━━ Available data ━━
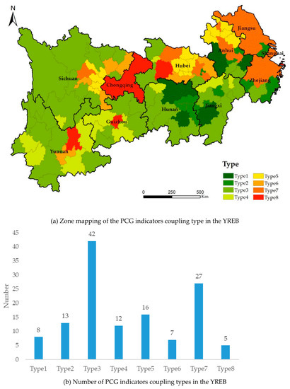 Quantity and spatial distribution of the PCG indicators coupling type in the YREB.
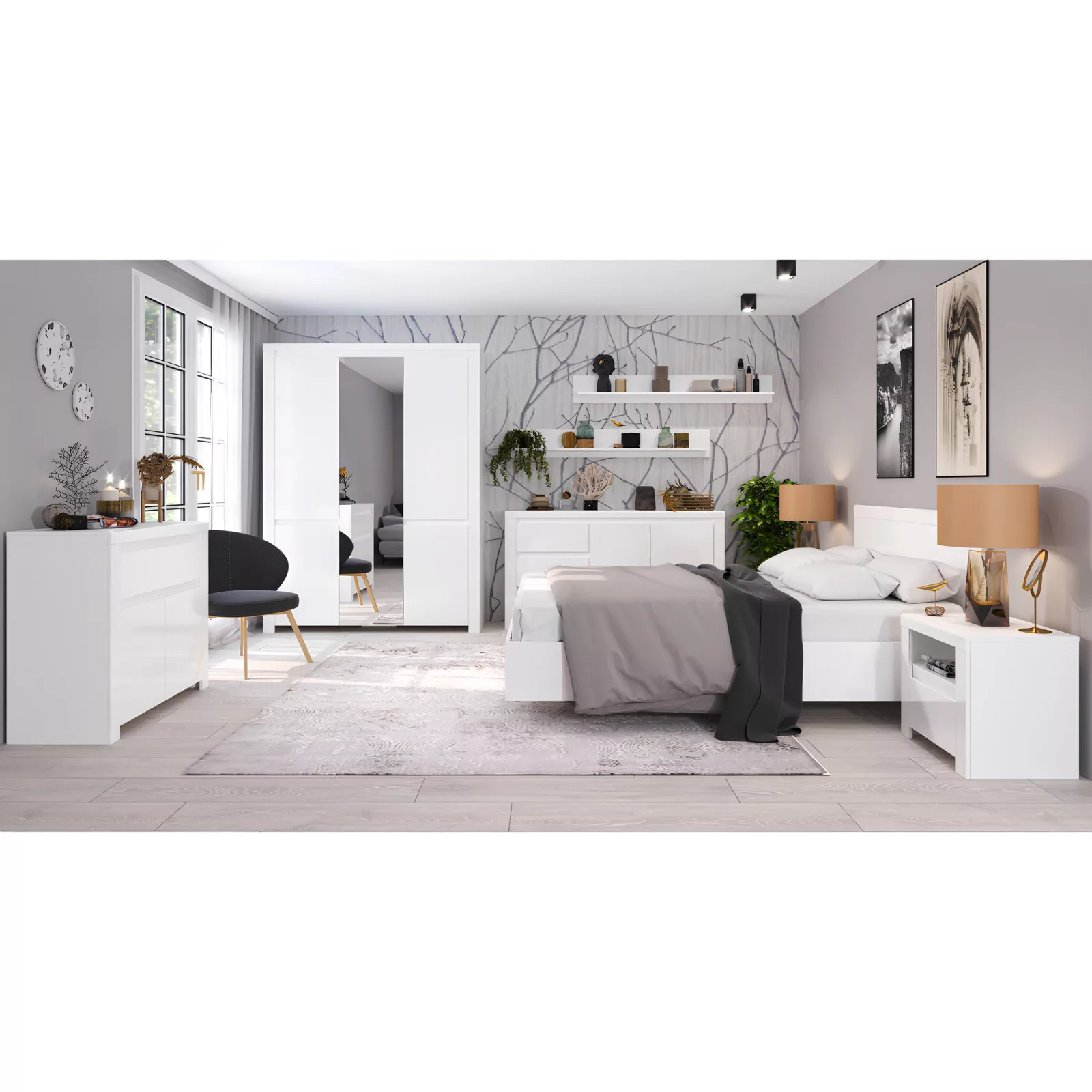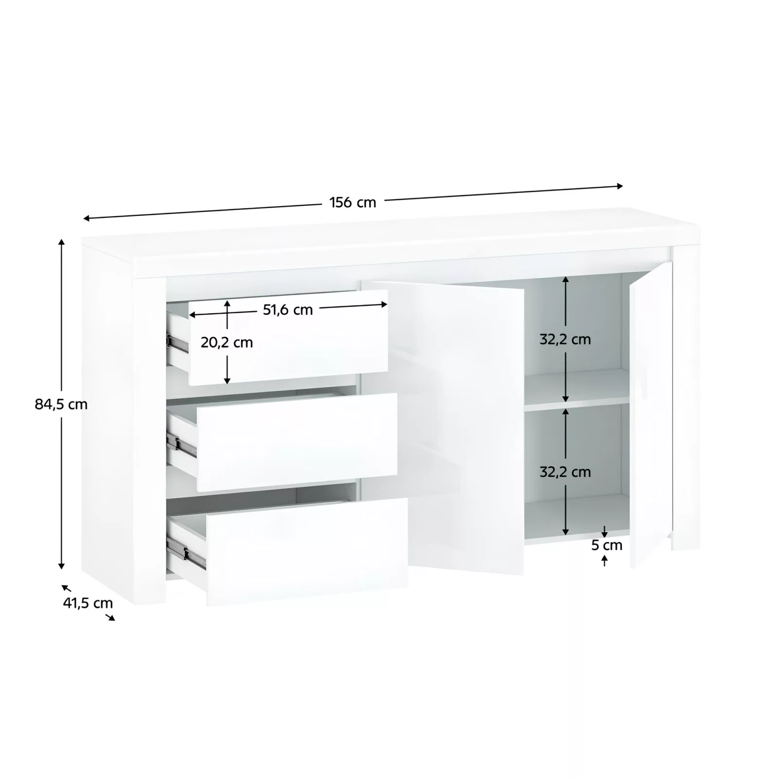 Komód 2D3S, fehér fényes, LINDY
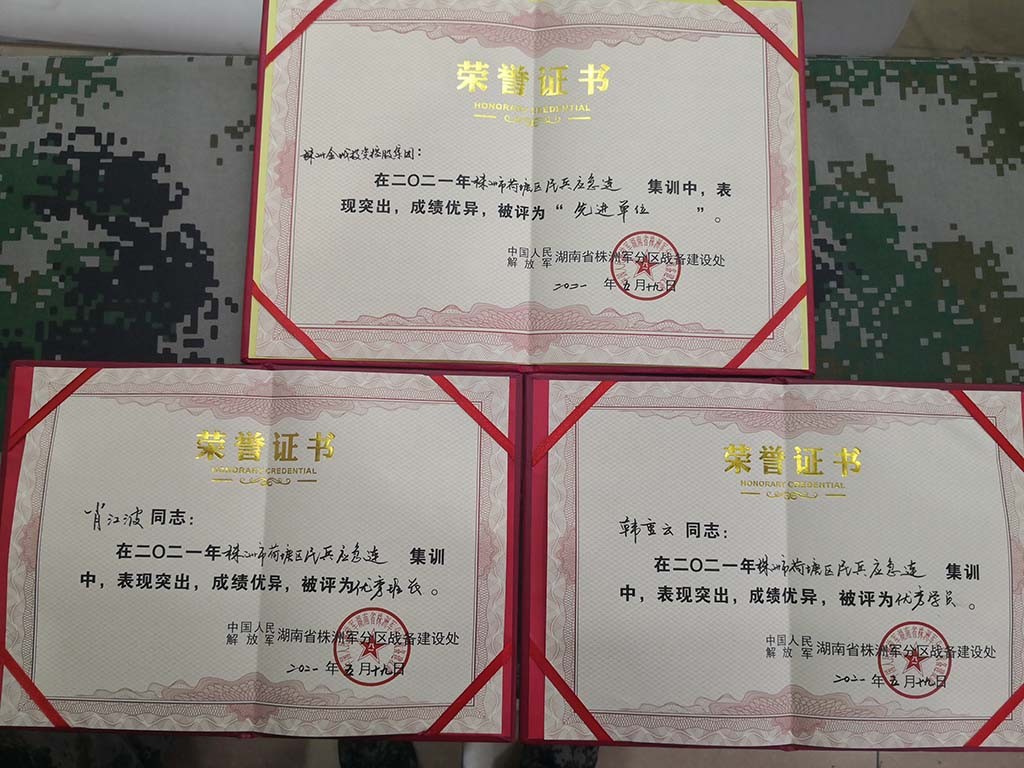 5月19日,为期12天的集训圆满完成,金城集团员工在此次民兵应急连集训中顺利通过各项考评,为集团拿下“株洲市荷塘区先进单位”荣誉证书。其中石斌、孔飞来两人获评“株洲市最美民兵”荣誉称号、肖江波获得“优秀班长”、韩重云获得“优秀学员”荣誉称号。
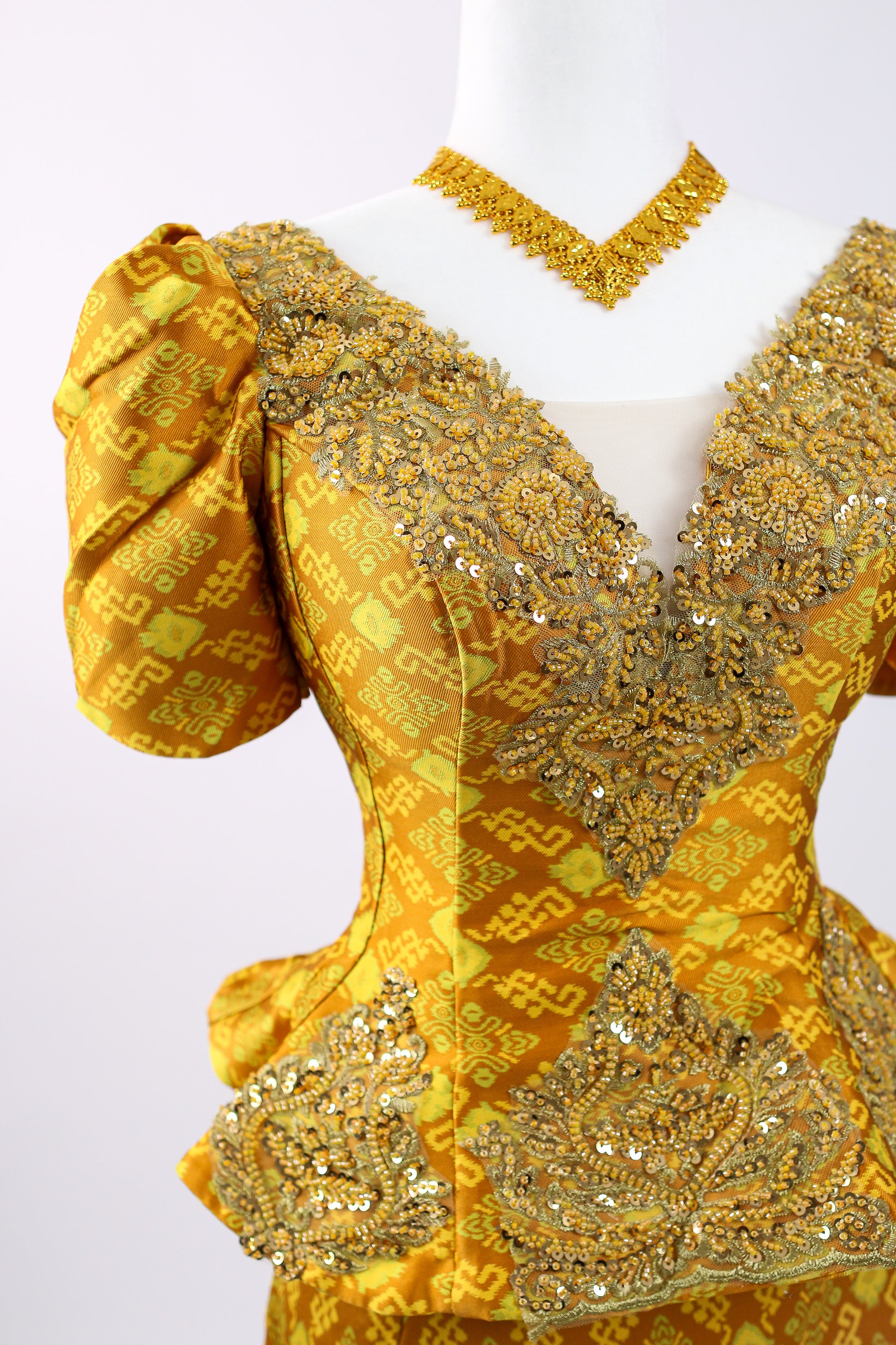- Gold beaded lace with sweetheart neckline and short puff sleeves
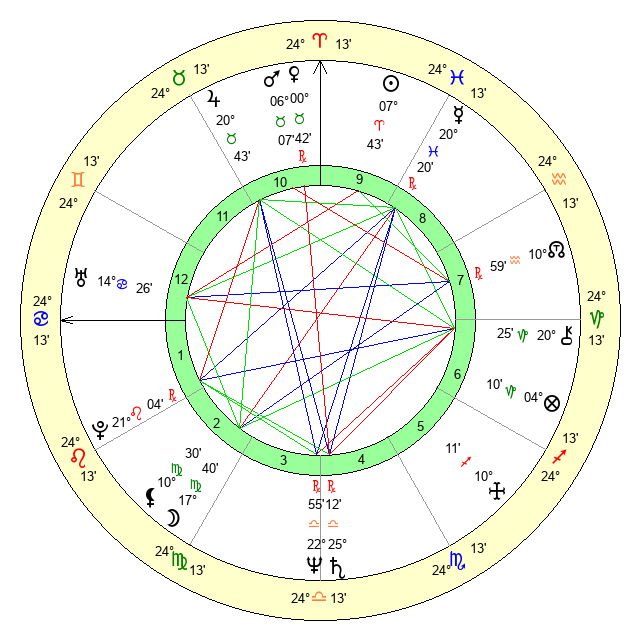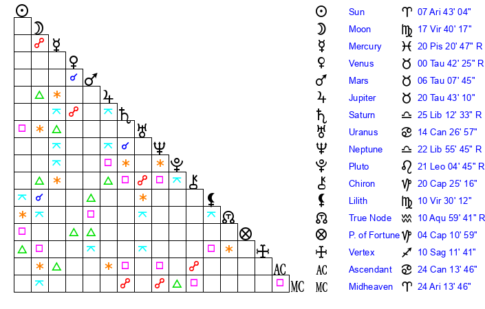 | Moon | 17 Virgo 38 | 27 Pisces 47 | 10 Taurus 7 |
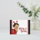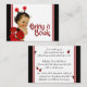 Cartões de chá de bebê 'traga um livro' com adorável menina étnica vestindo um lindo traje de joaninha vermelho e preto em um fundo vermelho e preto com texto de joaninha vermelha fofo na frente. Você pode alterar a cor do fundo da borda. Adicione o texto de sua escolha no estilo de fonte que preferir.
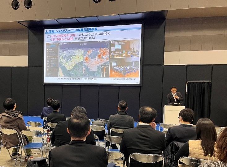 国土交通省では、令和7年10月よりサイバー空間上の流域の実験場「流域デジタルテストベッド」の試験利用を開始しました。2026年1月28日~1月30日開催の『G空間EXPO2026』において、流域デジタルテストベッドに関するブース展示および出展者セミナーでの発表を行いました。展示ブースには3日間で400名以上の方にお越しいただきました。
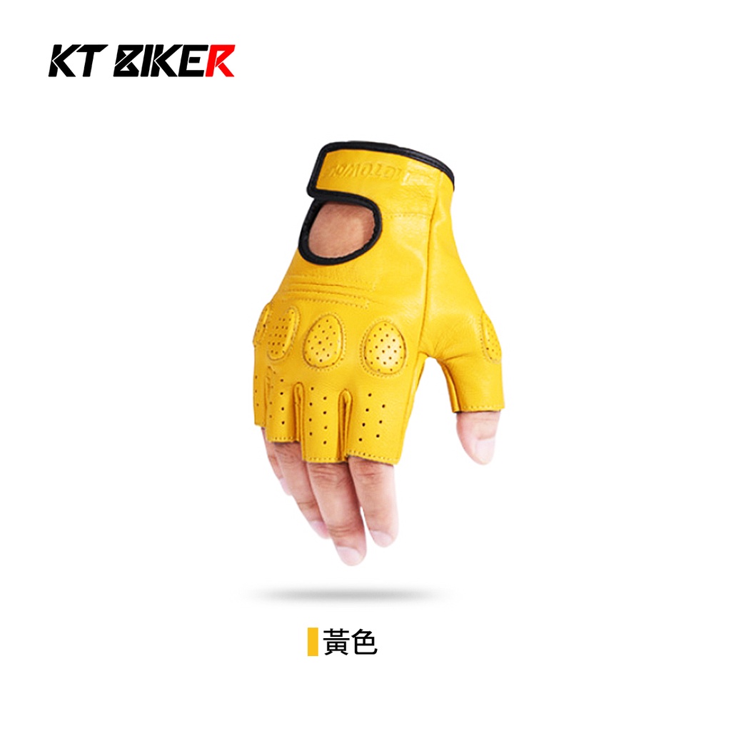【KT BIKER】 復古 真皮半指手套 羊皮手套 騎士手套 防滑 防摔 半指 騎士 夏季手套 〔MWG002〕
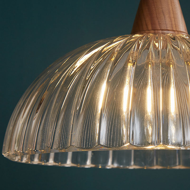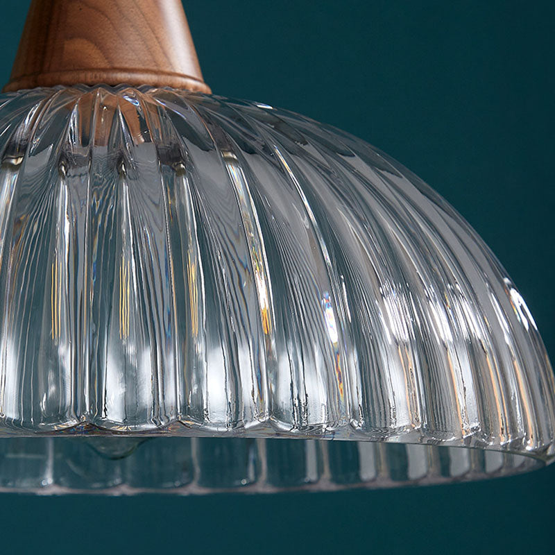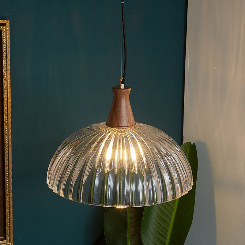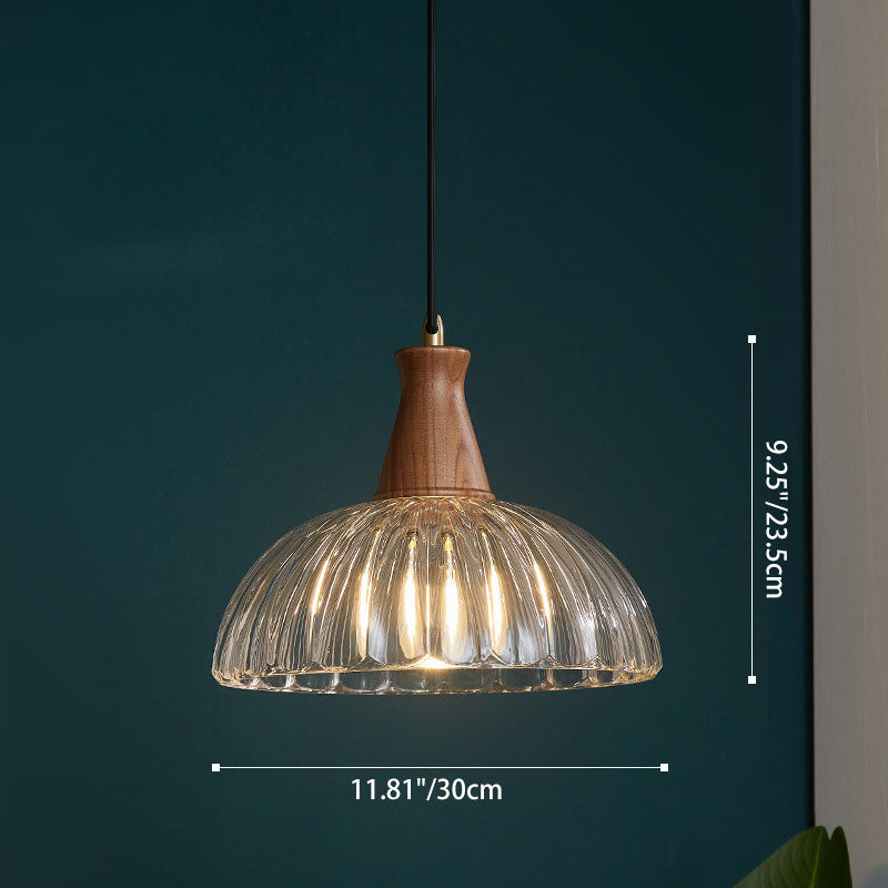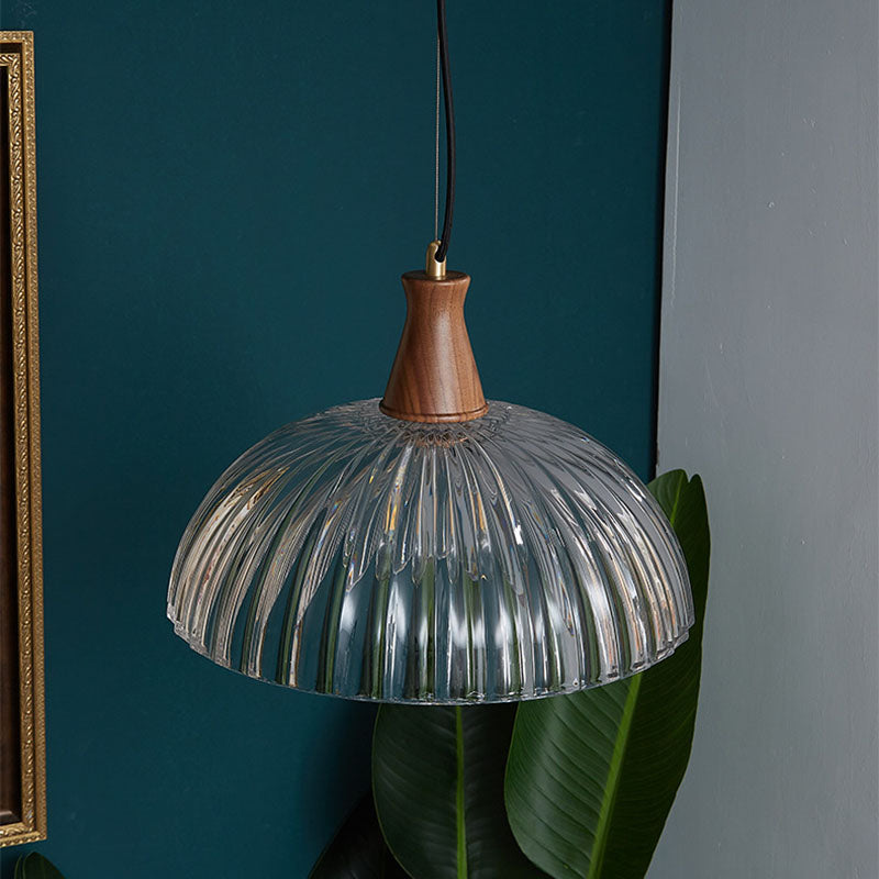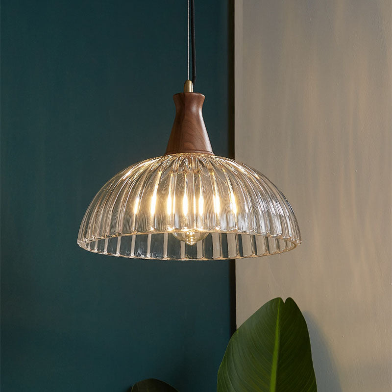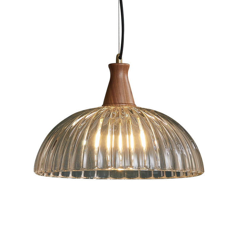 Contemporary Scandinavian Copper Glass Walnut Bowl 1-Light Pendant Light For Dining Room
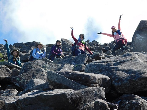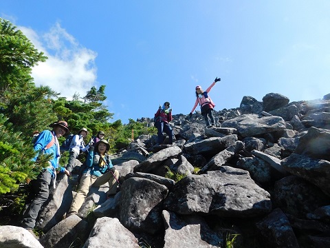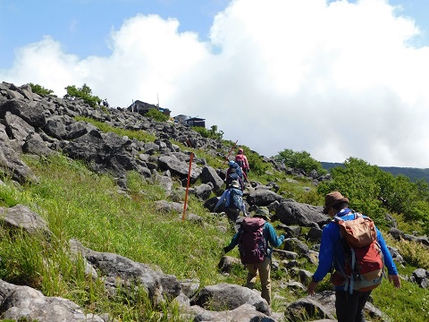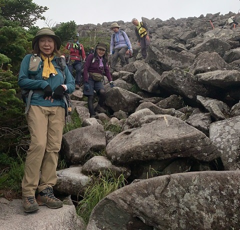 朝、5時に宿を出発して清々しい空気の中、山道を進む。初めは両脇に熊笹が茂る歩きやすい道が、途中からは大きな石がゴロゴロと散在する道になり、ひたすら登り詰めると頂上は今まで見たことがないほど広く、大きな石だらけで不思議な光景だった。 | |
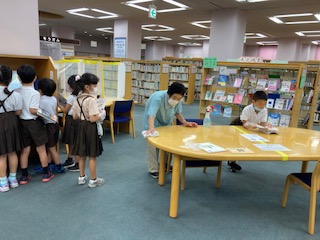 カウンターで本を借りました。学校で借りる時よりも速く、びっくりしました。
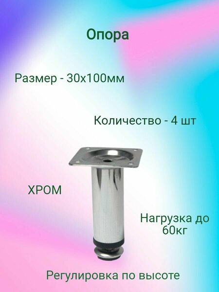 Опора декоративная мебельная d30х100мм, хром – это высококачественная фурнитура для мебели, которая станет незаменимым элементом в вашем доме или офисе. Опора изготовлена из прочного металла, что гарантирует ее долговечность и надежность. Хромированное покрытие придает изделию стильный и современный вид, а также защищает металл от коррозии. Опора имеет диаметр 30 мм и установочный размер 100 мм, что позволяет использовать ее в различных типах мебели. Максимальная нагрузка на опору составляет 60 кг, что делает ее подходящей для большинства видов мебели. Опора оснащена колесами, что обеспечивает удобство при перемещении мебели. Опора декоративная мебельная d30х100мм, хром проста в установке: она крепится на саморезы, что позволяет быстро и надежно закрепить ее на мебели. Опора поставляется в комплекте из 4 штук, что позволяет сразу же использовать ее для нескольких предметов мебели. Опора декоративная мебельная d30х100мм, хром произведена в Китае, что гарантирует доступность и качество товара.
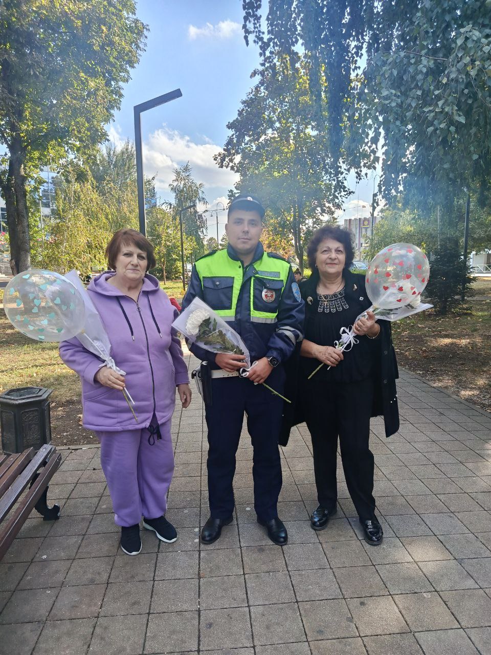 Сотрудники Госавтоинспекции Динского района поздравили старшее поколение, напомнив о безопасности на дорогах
━━━
## What the task requires
The full data, repeated exactly and stripped of its pictures, is the expected answer.

## Expected answer
 Quantity and spatial distribution of the PCG indicators coupling type in the YREB.
 Komód 2D3S, fehér fényes, LINDY
 5月19日,为期12天的集训圆满完成,金城集团员工在此次民兵应急连集训中顺利通过各项考评,为集团拿下“株洲市荷塘区先进单位”荣誉证书。其中石斌、孔飞来两人获评“株洲市最美民兵”荣誉称号、肖江波获得“优秀班长”、韩重云获得“优秀学员”荣誉称号。
- Gold beaded lace with sweetheart neckline and short puff sleeves
 | Moon | 17 Virgo 38 | 27 Pisces 47 | 10 Taurus 7 |
 Cartões de chá de bebê 'traga um livro' com adorável menina étnica vestindo um lindo traje de joaninha vermelho e preto em um fundo vermelho e preto com texto de joaninha vermelha fofo na frente. Você pode alterar a cor do fundo da borda. Adicione o texto de sua escolha no estilo de fonte que preferir.
 国土交通省では、令和7年10月よりサイバー空間上の流域の実験場「流域デジタルテストベッド」の試験利用を開始しました。2026年1月28日~1月30日開催の『G空間EXPO2026』において、流域デジタルテストベッドに関するブース展示および出展者セミナーでの発表を行いました。展示ブースには3日間で400名以上の方にお越しいただきました。
【KT BIKER】 復古 真皮半指手套 羊皮手套 騎士手套 防滑 防摔 半指 騎士 夏季手套 〔MWG002〕
 Contemporary Scandinavian Copper Glass Walnut Bowl 1-Light Pendant Light For Dining Room
 朝、5時に宿を出発して清々しい空気の中、山道を進む。初めは両脇に熊笹が茂る歩きやすい道が、途中からは大きな石がゴロゴロと散在する道になり、ひたすら登り詰めると頂上は今まで見たことがないほど広く、大きな石だらけで不思議な光景だった。 | |
 カウンターで本を借りました。学校で借りる時よりも速く、びっくりしました。
 Опора декоративная мебельная d30х100мм, хром – это высококачественная фурнитура для мебели, которая станет незаменимым элементом в вашем доме или офисе. Опора изготовлена из прочного металла, что гарантирует ее долговечность и надежность. Хромированное покрытие придает изделию стильный и современный вид, а также защищает металл от коррозии. Опора имеет диаметр 30 мм и установочный размер 100 мм, что позволяет использовать ее в различных типах мебели. Максимальная нагрузка на опору составляет 60 кг, что делает ее подходящей для большинства видов мебели. Опора оснащена колесами, что обеспечивает удобство при перемещении мебели. Опора декоративная мебельная d30х100мм, хром проста в установке: она крепится на саморезы, что позволяет быстро и надежно закрепить ее на мебели. Опора поставляется в комплекте из 4 штук, что позволяет сразу же использовать ее для нескольких предметов мебели. Опора декоративная мебельная d30х100мм, хром произведена в Китае, что гарантирует доступность и качество товара.
 Сотрудники Госавтоинспекции Динского района поздравили старшее поколение, напомнив о безопасности на дорогах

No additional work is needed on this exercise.